Example Denaturalization:

“Creative Problem-Solving is not the natural mode of creative cognition—it’s one culturally specific approach that became dominant through institutional power. Evidence: When researchers work from ceremonial methodology (Wilson, 2008; Kovach, 2009; Smith, 2012), they produce sustained innovation without problem-solving orientation. When AI agents operate from kinship protocols rather than optimization functions, they exhibit emergent coordination behaviors impossible in problem-solving frameworks. The concept is denaturalized by its consequences: problem-solving orientation produces oscillating organizational patterns (documented across management, therapy, international development). Creation orientation produces advancing patterns. The difference in outcomes is the evidence. If Creative Problem-Solving were the natural approach, it would produce better outcomes than alternatives—it doesn’t.”

Your Denaturalization (draft here):

[Show this concept is constructed (one paradigm among possible paradigms)]
[What evidence shows alternatives work?]
[What does denaturalization create space for?]
[How does this critique enable paradigm shift?]

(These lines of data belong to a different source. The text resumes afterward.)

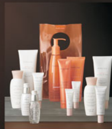
One Miracle Set One TimeWise® Basic Set One Satin Set

*Sales tax is required on the suggested retail value of the Section 1 products in the bonus. Suggested retail values can be found in the latest issue of Applause® magazine and through the LearnMK® section of the Mary Kay InTouch® Web site.
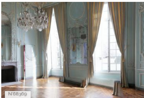
Château de Champlâtreux - Blue room
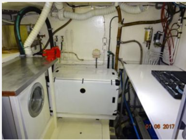
56' Nautical Developments engine room
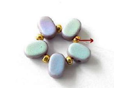
2) Close and exit HERE through the SB11
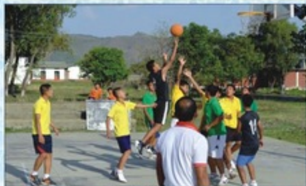
Inter-House Basketball (Jr) final match between Shivaji House and Netaji House in progress
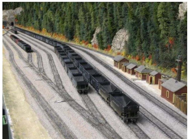
The division point yard at Monashee Summit can handle long trains of hopper cars on the layout of the Edmonton Model Railroad Association. Sign up to operate a train!

Integration with Wilson’s Research Paradigm

Genealogical critique traces how Western paradigm pillars naturalized:

Pillar When Did It Naturalize? How Was It Enforced? What Did It Displace?
Ontology (discrete objects) Descartes, 17th century Scientific method Animist, relational ontologies
Epistemology (objective extraction) Enlightenment, 18th century Academic peer review Relational, ceremonial knowledge
Axiology (efficiency, novelty) Industrial revolution Market economics Reciprocity, seven-generation values
Methodology (linear, experimental) Positivism, 19th century Grant criteria Cyclical, ceremonial process

Connection to Key References

Foucault, M. (1977). Discipline and Punish

Tuck, E. & Yang, K.W. (2012). “Decolonization is not a metaphor”

Wilson, S. (2008). Research Is Ceremony

Smith, L.T. (1999). Decolonizing Methodologies


Checklist Before Finalizing


Genealogical critique is archaeology—excavating buried assumptions to show they were chosen, not given. The purpose is not to destroy Western knowledge but to show it as one tradition among many, no longer able to claim universal authority.